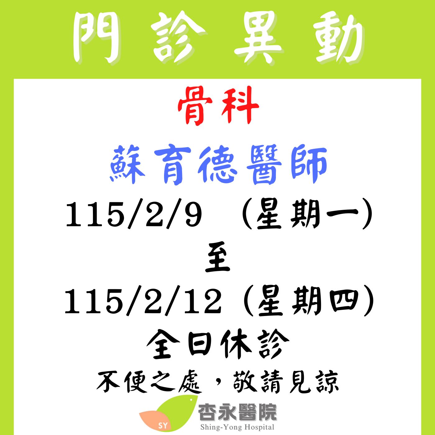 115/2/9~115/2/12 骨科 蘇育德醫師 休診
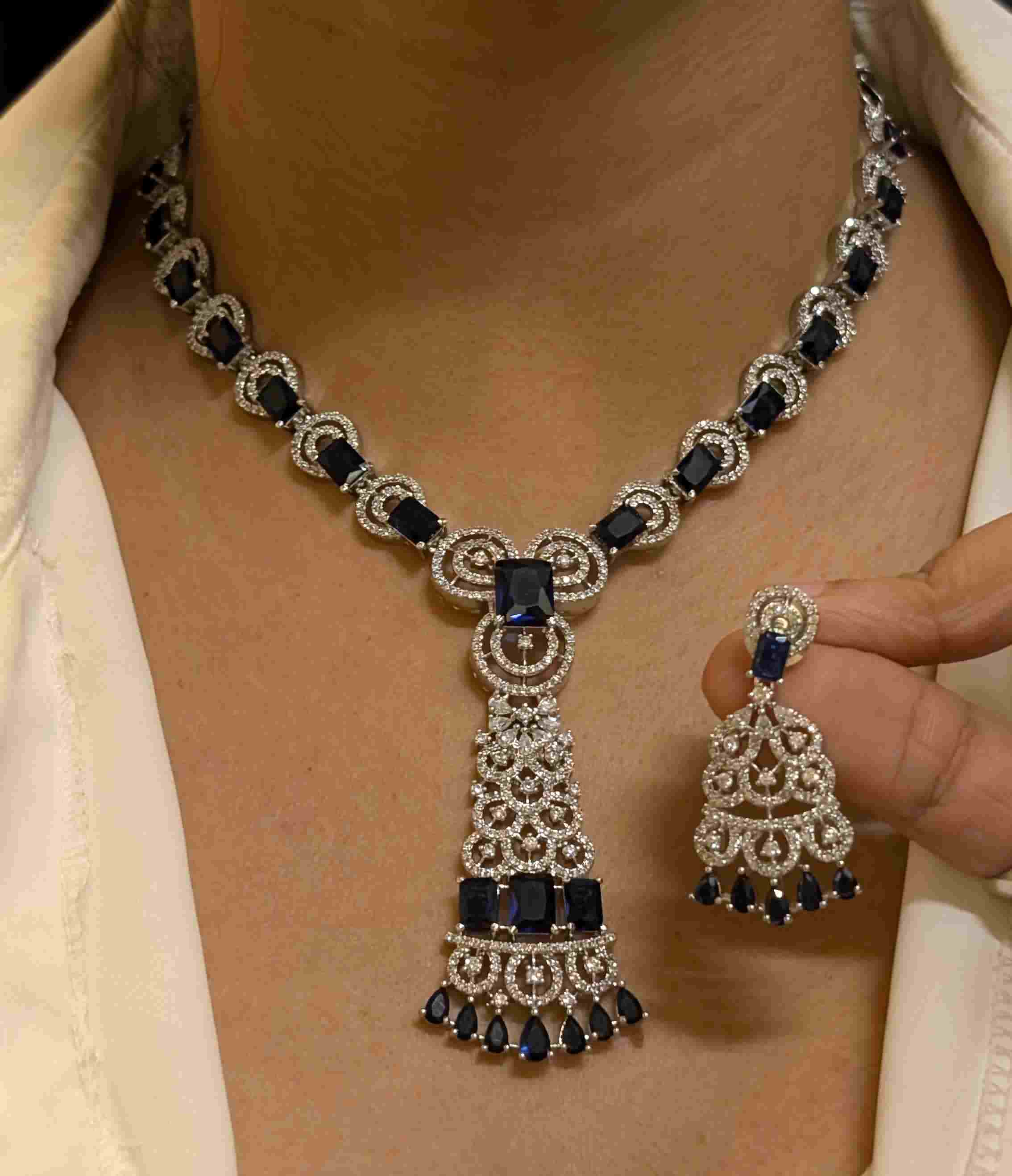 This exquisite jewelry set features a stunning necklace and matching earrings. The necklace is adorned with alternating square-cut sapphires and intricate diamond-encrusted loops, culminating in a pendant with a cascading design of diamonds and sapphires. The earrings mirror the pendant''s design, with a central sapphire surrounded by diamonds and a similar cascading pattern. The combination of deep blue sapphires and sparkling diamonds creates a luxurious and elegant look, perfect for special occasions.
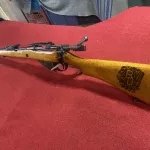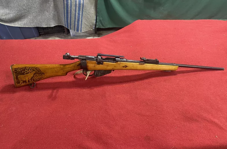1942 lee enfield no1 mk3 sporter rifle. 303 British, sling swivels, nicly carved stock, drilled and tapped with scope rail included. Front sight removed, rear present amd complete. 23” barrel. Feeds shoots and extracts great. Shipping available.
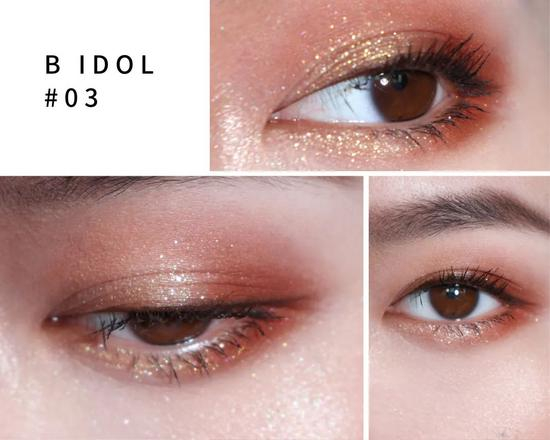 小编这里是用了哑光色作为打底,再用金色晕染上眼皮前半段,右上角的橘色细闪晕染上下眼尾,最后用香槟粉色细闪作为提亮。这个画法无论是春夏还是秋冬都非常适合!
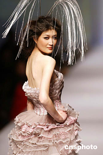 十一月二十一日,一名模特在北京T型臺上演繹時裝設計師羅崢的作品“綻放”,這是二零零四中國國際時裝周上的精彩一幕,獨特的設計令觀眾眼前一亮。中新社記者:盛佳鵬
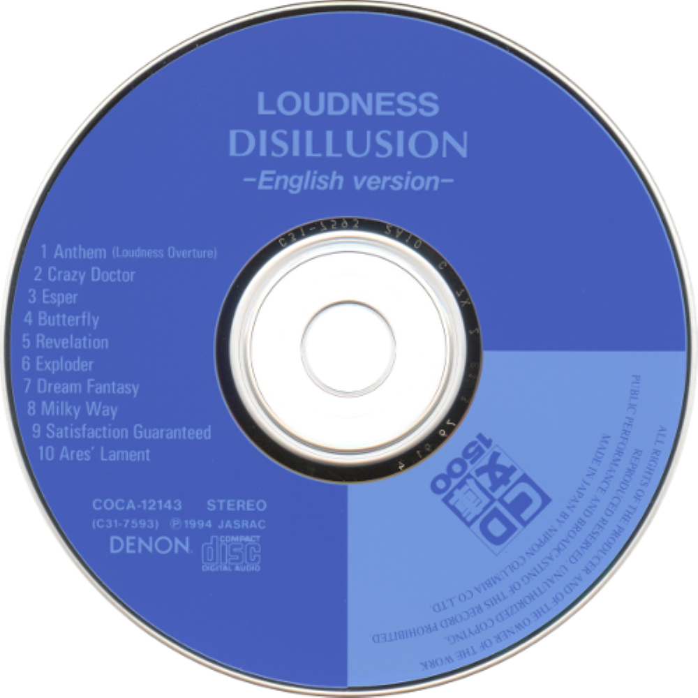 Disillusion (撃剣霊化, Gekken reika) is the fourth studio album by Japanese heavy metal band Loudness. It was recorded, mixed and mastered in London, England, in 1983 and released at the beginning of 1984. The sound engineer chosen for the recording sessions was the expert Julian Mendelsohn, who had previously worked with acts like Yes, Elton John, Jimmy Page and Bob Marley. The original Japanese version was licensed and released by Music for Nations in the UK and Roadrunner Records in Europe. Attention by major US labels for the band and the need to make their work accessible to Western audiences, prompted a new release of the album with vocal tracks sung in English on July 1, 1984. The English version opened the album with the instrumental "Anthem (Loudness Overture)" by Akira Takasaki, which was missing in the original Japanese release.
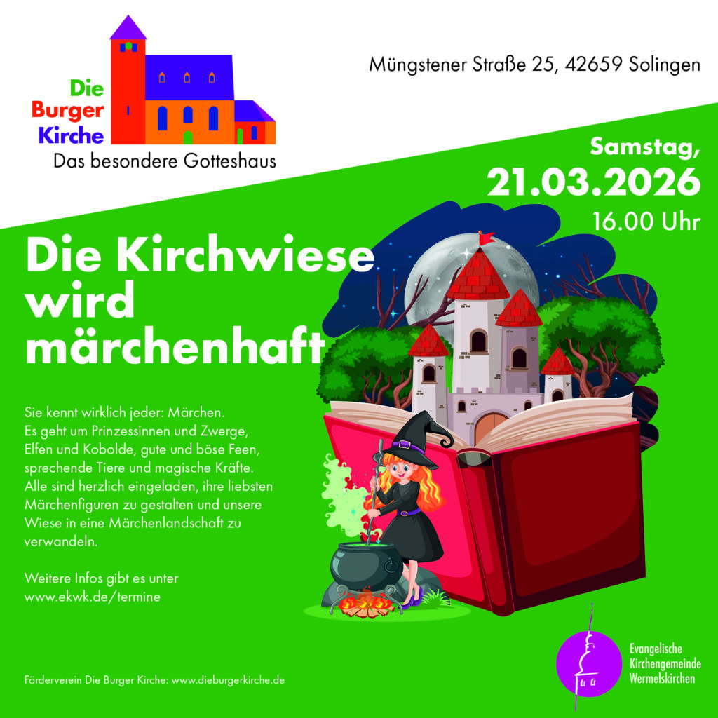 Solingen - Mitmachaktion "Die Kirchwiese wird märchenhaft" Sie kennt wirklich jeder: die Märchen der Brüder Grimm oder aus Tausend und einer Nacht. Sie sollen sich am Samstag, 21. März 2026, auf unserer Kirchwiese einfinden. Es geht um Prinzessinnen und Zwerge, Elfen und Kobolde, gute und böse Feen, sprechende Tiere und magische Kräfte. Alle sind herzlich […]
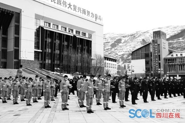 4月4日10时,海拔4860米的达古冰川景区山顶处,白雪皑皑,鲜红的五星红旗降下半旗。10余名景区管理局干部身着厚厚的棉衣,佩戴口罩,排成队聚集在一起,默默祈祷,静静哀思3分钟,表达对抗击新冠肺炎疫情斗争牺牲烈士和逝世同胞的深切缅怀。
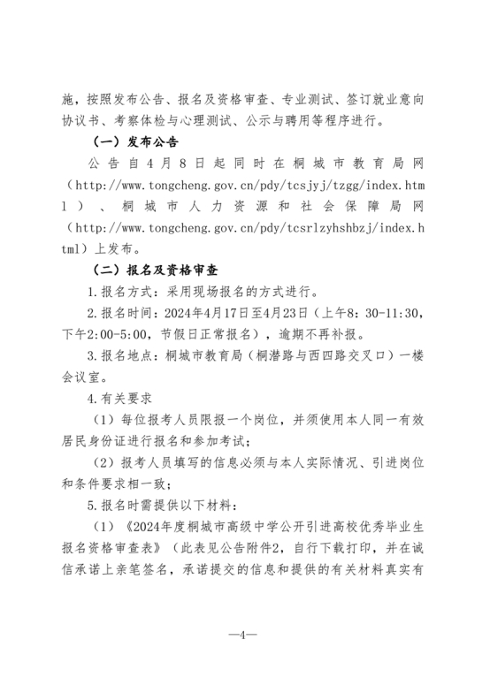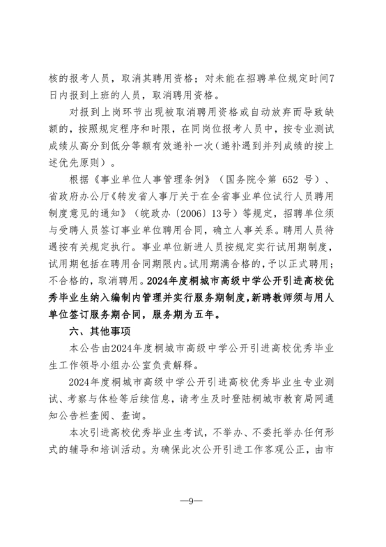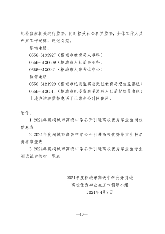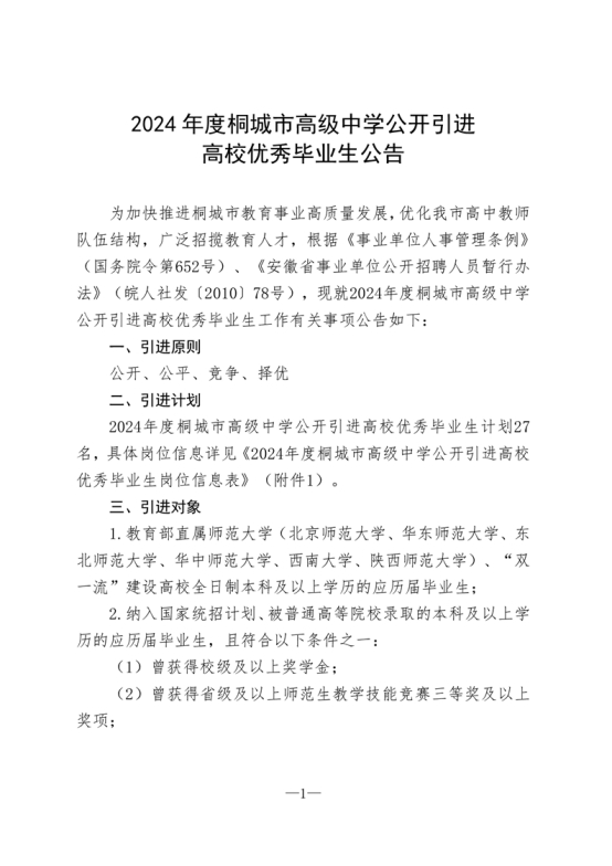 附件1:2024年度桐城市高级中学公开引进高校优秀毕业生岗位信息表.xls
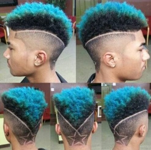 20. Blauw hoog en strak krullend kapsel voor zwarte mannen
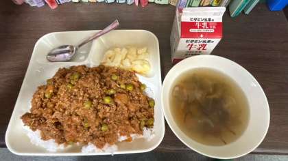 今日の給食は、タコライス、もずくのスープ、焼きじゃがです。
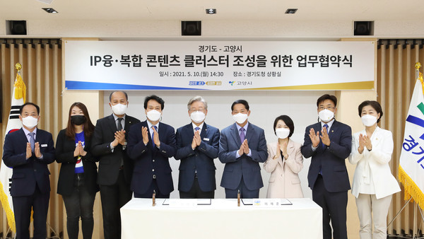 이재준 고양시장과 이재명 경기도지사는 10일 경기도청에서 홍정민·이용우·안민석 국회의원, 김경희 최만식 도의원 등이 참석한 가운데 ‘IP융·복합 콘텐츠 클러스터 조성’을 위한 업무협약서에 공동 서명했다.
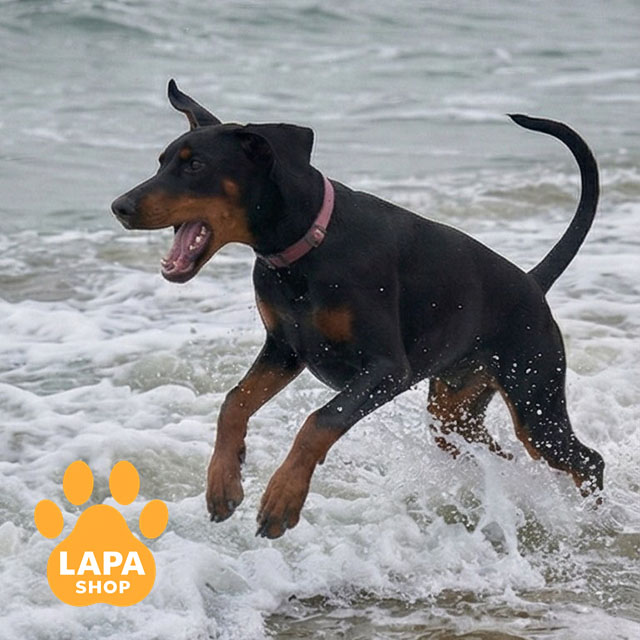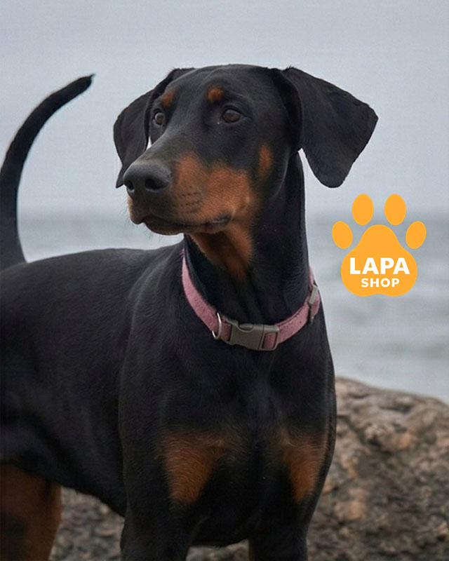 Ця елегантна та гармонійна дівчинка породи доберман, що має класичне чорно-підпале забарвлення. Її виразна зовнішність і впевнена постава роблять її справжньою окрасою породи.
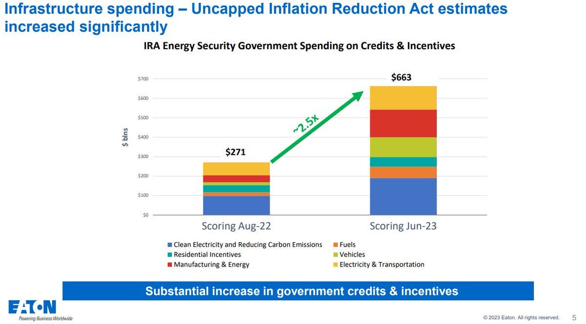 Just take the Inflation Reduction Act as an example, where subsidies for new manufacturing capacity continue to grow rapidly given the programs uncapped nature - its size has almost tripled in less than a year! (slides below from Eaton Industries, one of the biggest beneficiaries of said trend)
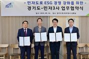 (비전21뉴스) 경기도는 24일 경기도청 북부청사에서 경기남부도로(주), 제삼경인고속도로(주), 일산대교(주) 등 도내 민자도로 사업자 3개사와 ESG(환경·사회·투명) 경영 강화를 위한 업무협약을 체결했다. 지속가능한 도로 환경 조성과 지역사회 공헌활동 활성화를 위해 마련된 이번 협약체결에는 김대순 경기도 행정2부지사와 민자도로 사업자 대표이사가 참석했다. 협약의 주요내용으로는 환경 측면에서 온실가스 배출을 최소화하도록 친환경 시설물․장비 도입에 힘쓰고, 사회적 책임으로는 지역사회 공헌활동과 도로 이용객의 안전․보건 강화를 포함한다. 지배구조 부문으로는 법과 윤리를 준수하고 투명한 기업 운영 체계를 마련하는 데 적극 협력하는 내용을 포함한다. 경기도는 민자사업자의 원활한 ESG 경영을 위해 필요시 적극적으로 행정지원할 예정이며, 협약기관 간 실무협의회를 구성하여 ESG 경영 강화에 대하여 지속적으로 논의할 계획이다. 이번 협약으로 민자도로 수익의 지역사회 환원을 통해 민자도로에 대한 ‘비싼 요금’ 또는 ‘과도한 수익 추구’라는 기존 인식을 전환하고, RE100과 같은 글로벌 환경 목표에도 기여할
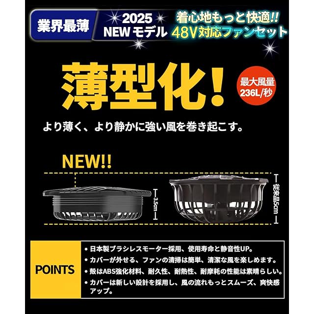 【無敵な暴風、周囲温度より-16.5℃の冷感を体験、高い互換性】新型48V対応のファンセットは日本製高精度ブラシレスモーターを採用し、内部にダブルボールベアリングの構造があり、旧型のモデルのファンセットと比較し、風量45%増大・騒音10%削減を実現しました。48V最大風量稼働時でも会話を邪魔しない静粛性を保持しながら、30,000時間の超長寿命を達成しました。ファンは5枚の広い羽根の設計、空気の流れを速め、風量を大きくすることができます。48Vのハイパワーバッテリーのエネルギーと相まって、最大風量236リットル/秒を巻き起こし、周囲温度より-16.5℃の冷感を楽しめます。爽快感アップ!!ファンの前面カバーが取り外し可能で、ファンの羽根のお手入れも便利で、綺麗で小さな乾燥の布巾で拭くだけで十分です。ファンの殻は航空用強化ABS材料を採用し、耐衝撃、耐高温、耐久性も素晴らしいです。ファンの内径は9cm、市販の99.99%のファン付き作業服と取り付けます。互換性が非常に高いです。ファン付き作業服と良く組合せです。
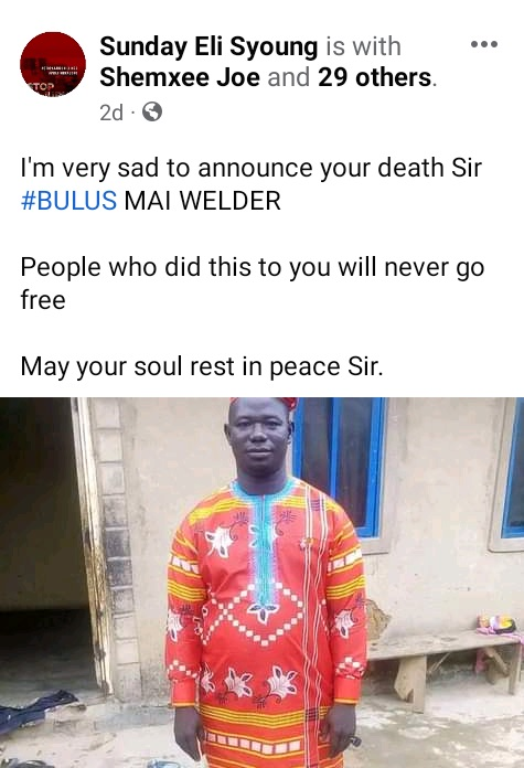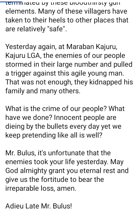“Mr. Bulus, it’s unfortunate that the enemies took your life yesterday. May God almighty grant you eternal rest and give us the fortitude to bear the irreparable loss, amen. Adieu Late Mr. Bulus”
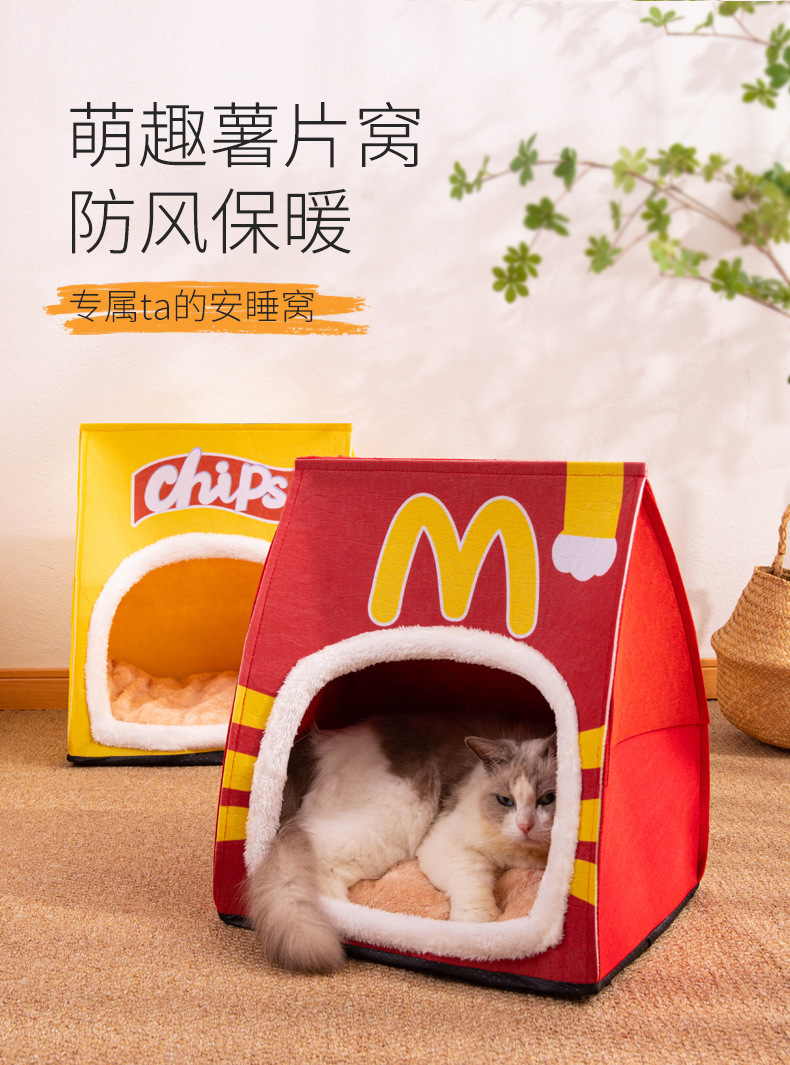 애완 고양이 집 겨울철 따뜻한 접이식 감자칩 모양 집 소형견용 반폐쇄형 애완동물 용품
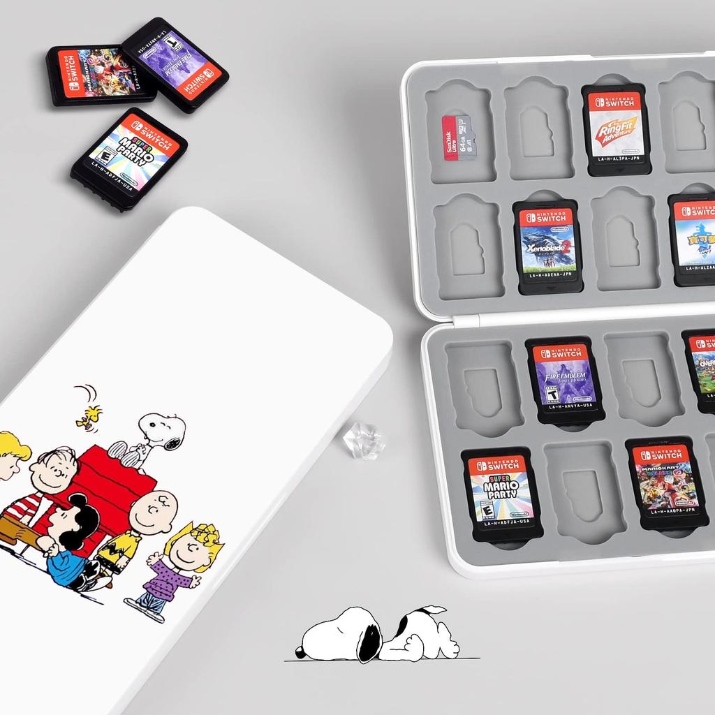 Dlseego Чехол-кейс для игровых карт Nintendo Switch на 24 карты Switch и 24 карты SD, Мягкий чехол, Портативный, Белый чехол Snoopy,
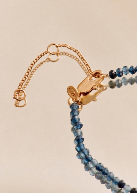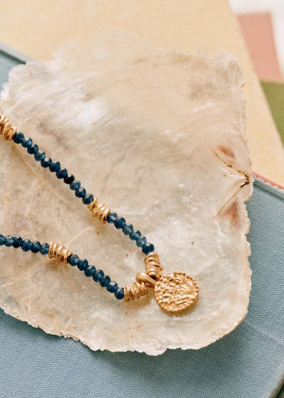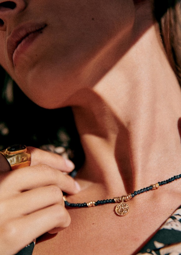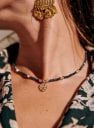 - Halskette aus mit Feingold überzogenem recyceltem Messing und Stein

++++++++

Write out, word for word, the lines from the first line of the entries through the one containing "十一月二十一日,一名模特在北", both included. Leave out the pictures.

 115/2/9~115/2/12 骨科 蘇育德醫師 休診
 This exquisite jewelry set features a stunning necklace and matching earrings. The necklace is adorned with alternating square-cut sapphires and intricate diamond-encrusted loops, culminating in a pendant with a cascading design of diamonds and sapphires. The earrings mirror the pendant''s design, with a central sapphire surrounded by diamonds and a similar cascading pattern. The combination of deep blue sapphires and sparkling diamonds creates a luxurious and elegant look, perfect for special occasions.
1942 lee enfield no1 mk3 sporter rifle. 303 British, sling swivels, nicly carved stock, drilled and tapped with scope rail included. Front sight removed, rear present amd complete. 23” barrel. Feeds shoots and extracts great. Shipping available.
 小编这里是用了哑光色作为打底,再用金色晕染上眼皮前半段,右上角的橘色细闪晕染上下眼尾,最后用香槟粉色细闪作为提亮。这个画法无论是春夏还是秋冬都非常适合!
 十一月二十一日,一名模特在北京T型臺上演繹時裝設計師羅崢的作品“綻放”,這是二零零四中國國際時裝周上的精彩一幕,獨特的設計令觀眾眼前一亮。中新社記者:盛佳鵬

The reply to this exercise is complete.